# Best moment in golf



## Surtees (Sep 11, 2007)

I was just wondering what everyones fav memory/moment in golf was?
Mine would have to be when I frist started playing I was down at the driving range 
hacking away at some balls and i had an older guy come up to me and he gave me some
tips with my swing. He spent close to half an hour with me which improved my hitting
a great deal. At the end of all that I found out that he used to hold the course record
at three of my local course and he play of scratch when he was younger. It was at this
moment that I thought this is a great game where people are will to take the time to 
give a young hack some pointers and tip. 

So what's yours?


----------



## ActionJackson (Oct 22, 2007)

Probably when I went out with my dad about 4-5 months ago, he had played with me my first two months back in the game and I was horrible....I mean horrible....he hadn't played with me since but I was playing about 3 times a week at least on my own. We were playing a quick front 9 together at a local course when we got to the first hole which is a short par 4, only about 260 but it requires a draw and the green is uphill, elevated about 30-40 feet at least from the tee box. He teed up and layed up to the left with about 100 yard wedge shot to go. I teed up soon after and he began immediately with tips, I said nothing, but pulled my driver which I had been reluctant to use in the past. He asked me if I was sure I wanted to use that club....I just smiled and took a swing, drove the green about 10 feet within the hole. He just stood there for a moment and said I guess I'll shut up next time!

-AJ


----------



## Surtees (Sep 11, 2007)

dont you just love it when someone is tell you what to do and you do what you want and it works out perfect. 
on the other hand they let you know when you do what you want and it doesnt work out.


----------



## Topflite_d2 (May 7, 2007)

Probably my best/favorite moment in golf was yesterday when I had my 1st golf lesson and the instructor helped me hit my irons a lot better. I went back there today and hit some more golf balls and I am getting really consistent


----------



## 373 (Jun 9, 2006)

That's a hard question. I think I would say my favorite memory was winning a college tournament in front of my girlfriend. I guess it was the first time she took me seriously about how much golf meant to me and how good I possibly might have been. Before that, I think she just thought it was a hobby.


----------



## chiefmasterjedi (Sep 21, 2007)

I'm not sure about my best moment but here is two very satisfying moments that happened yesterday and today.

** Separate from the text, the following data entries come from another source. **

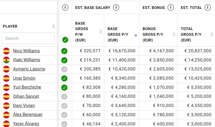 去年夏窗,尼科一度接近加盟巴萨,但最终选择了与毕巴续约。毕巴为他提供了一份超高薪水的10年长约合同,他的基础年薪1667万欧,算上奖金最高可超2000万欧,是毕巴队内的顶薪。
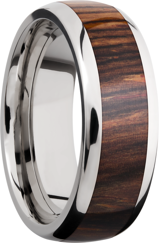 Titanium 8mm domed band with an inlay of Natcoco hardwood
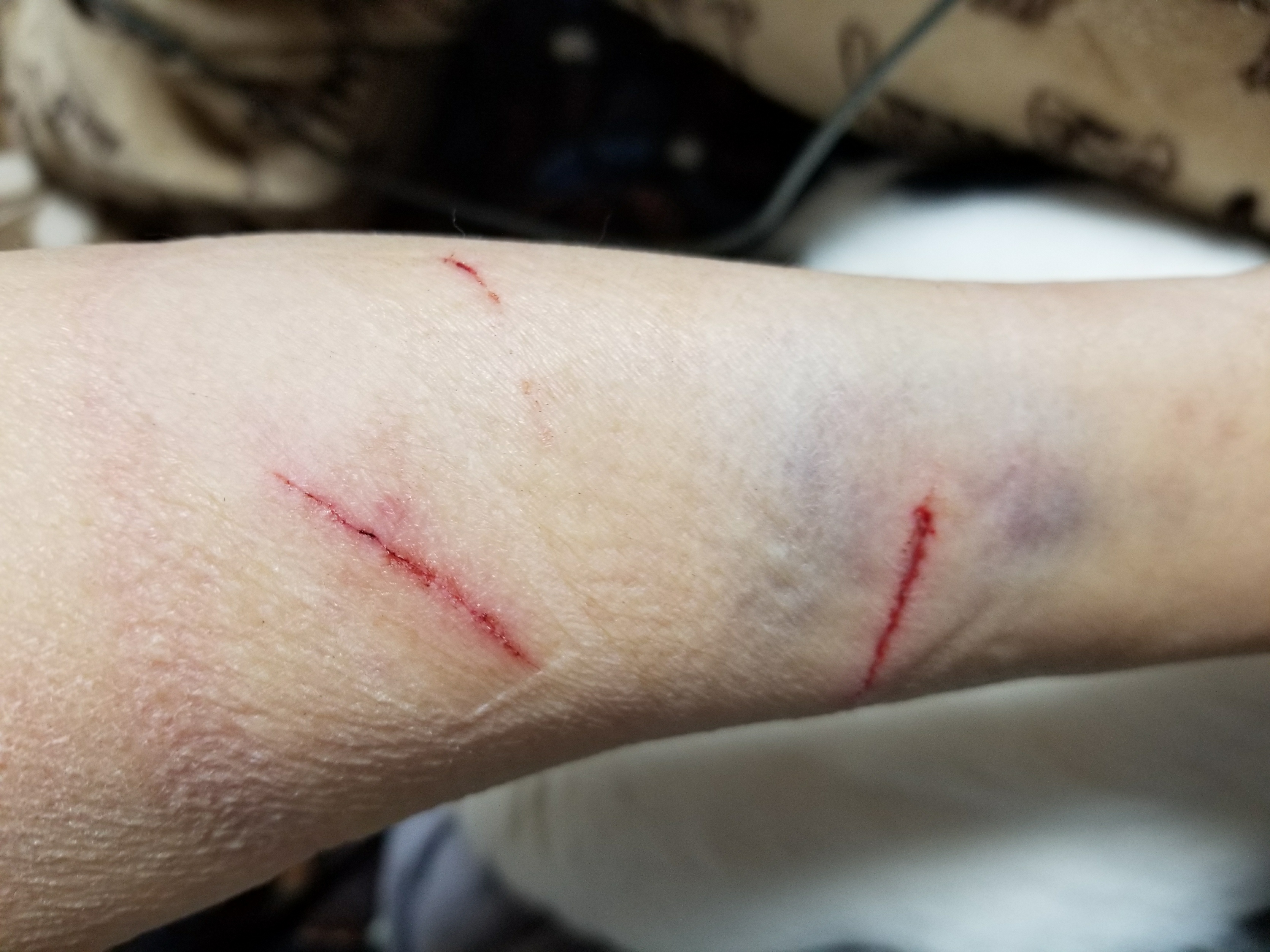 ごんを抑えようとしたところこちらに向かってきて腕に飛びつかれ引っ掻かれ噛みつかれで流血の事態に。
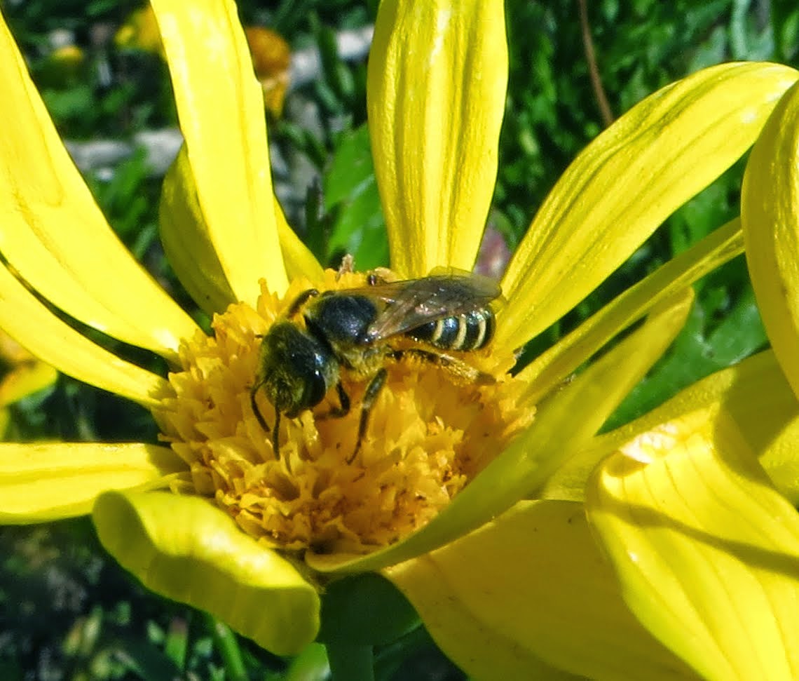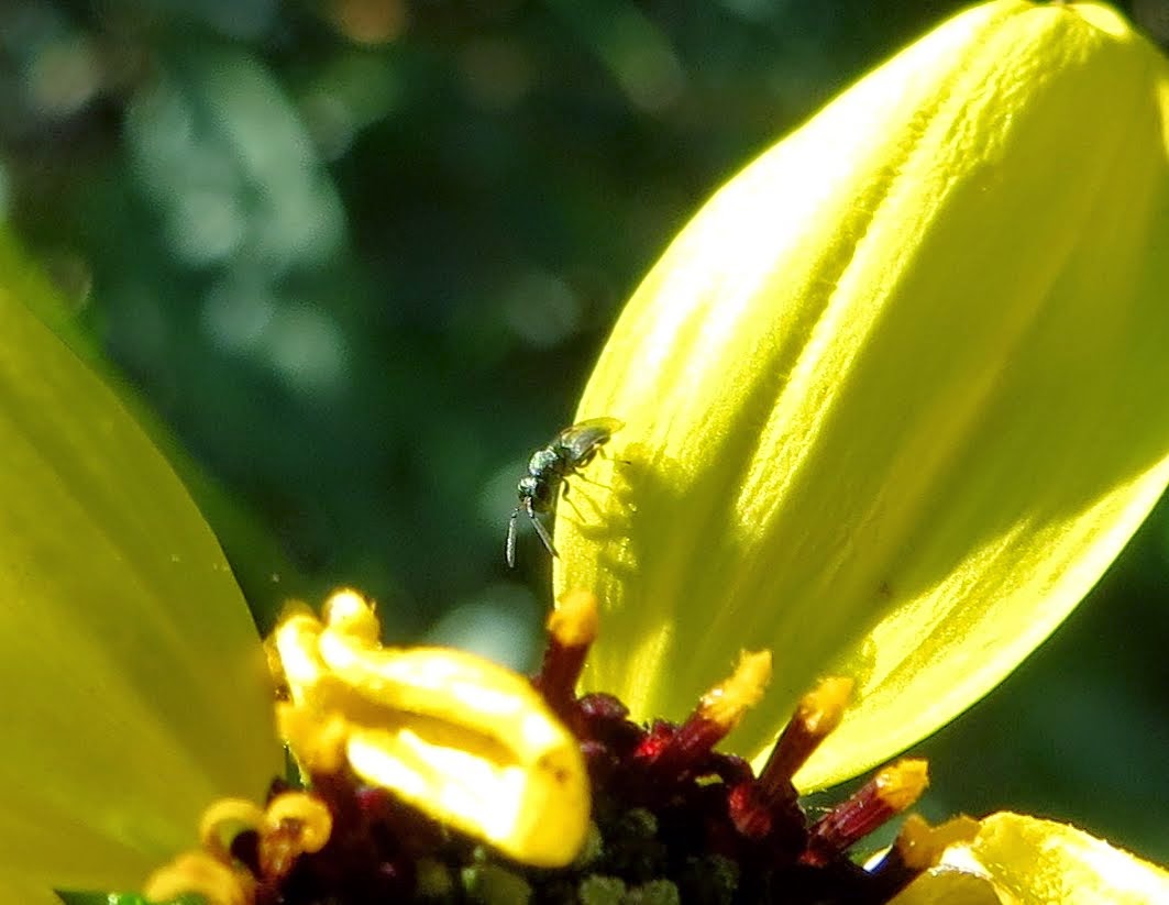 Below is another Sweat Bee of unknown species (there are many, many species of sweat bees). The one below is a particularly tiny species, about the same size as a Braconid Wasp (see above).
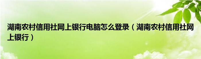 湖南农村信用社网上银行电脑怎么登录(湖南农村信用社网上银行)
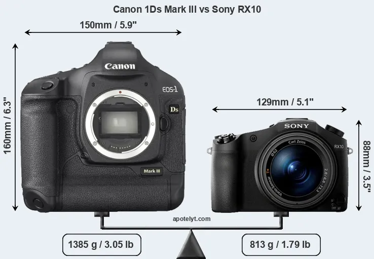 An illustration of the physical size and weight of the Canon 1Ds Mark III and the Sony RX10 is provided in the side-by-side display below. The two cameras are presented according to their relative size. Three consecutive views from the front, the top, and the rear side are shown. All size dimensions are rounded to the nearest millimeter.
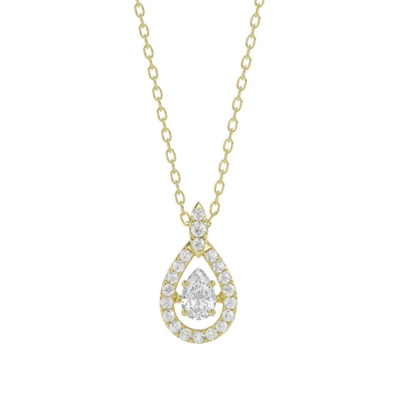 LADIES DANCING DIAMOND PENDANT WITH CHAIN 3/4CT ROUND/PEAR DIAMOND 14K YELLOW GOLD (CENTER STONE PEAR DIAMOND 1/2CT)
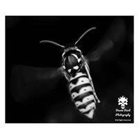 Imagine you have a line of 3 people in front of you. If you wanted to focus on all 3 you would need to use a high F number to bring those blades in tight, create a small aperture opening and deepen your depth of field. If you do this on your camera you should see the shutter number change accordingly. As less light comes in the shutter speed will slow to compensate by allowing more light back in. If, however, you only wanted the first person in focus and the rest of the photo out of focus, or maybe a bokeh effect like the flower above, you would use a low F number to open the blades out to create a large aperture opening. Again, if you do this, you should see the shutter number change to a faster shutter to balance out the light requirements. This is, of course, assuming the first person is your focal point. If you wanted only the second person in focus of the 3 you would still use a shallow depth of field ie. F/2.8 but set your camera to focus on the 2nd person. This would cause the foreground AND background to blur but the mid ground to focus. As you can see with this wasp the depth of field is very shallow as the head is not sharp, nor is the background but the abdomen hairs and the food are very distinct. This is a shallow depth of field but with a mid point focus.
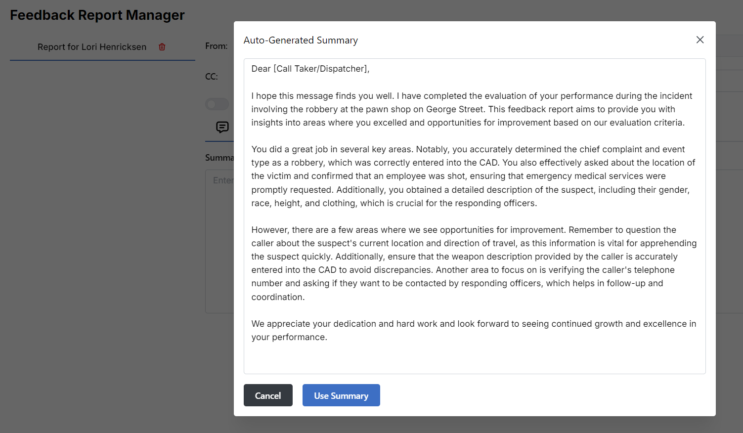 Many of today's ECC supervisors are new to the role and have neither the experience or training yet on how to provide coaching and feedback to their teams. One of the challenges in providing feedback is finding the right balance between recognizing accomplishments and pointing out areas for improvement. Telecommunicators, like any professional, need to feel appreciated for their hard work and the critical role they play. CommsCoach makes this easier by generating feedback suggestions based on the detailed evaluations, offering a balanced approach that highlights both strengths and areas where coaching could be beneficial. The new Feedback Report Manager generates personalized summaries. These summaries not only recognize strengths but also identify areas where an individual can refine their skills—an approach designed to foster confidence and continuous growth without focusing on shortcomings.
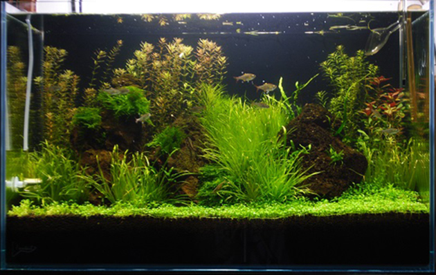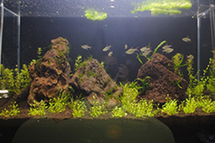 La vasca è stata avviata il 3 aprile 2014: quel giorno tutto era stato pensato per dare adeguate zone d’ombra ai pesci con ADA Horn Wood in vasca, e tantissime varianti di Microsorum, e poco altro. Uno di questi Horn Wood era senza alcun dubbio (a posteriori) falso e non adatto all’acquario, ed è parzialmente marcito rovinandomi quasi il 90% delle Microsorum in vasca.Allora il 6 maggio, parto con il nuovo layout, riusando totalmente il fondo (nemmeno tolto) e ovviamente il filtro già avviato e parte dell’acqua.
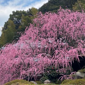 "見事な枝垂れ紅梅" 散策路沿いの農家、見事な枝ぶりの枝垂れ紅梅が満開を迎えていました。 桃ではないですが、ひな祭りに捧げます。 撮影日 2022.3.2

Yesterday on the #1 handicap hole, I hit a bad tee shot, short and right. I was laying just off the cart path with 230 yards left to the center of the green, the green has a deep ditch in front of it. I pulled out the PW and was about to lay up, when i thought, what the hell i'll have a go. I said to my playing partner "this could be the best shot I hit in 2007". With that I aimed just right of the green because the ball was above my feet and hit it real sweet. As predicted it had a slight draw and ended up 10 feet from the pin. I missed the birdie putt by an inch but still it was one hell of a shot.
Today I was playing in a foursome for money (not much money though!) I had just 4 putted on a par 3!!! Not something i care to remember. Anyway the next hole runs along the river (on the right) It's a 295 yard par 4 with a ditch at 254 yards. The normal shot on this hole is a lay up to 200 yards and a wedge to the green. The 3 guys i was playing with are all longer than me off the tee and they had irons in their hands. I stepped up to tee off with my driver and continued to hit it dead straight right over the hazard. The guys put away the irons and grabbed their drivers. 2 of them made it over and 1 skied it. Anyway to cut this story short, i out drove them all and was left with a 10 yard chip to the pin, which i hit close and birdied.


----------



## Golfbum (Oct 14, 2006)

Too many good memories to list after 25 years of golfing.
Maybe the most memorable moment was when I survived a heart attack on the 18th green on Mother's Day 2006. The rest pale in comparison!


----------



## 373 (Jun 9, 2006)

What I anticipate as one of my greatest moments in golf is about to happen this week. I start physical therapy for my damaged ankle and knee. (avulsion fracture in the left ankle and medial meniscus tear in the right knee) All those jump shots for the University of Louisville have come back to haunt me with the onset of arthritis to complicate it all.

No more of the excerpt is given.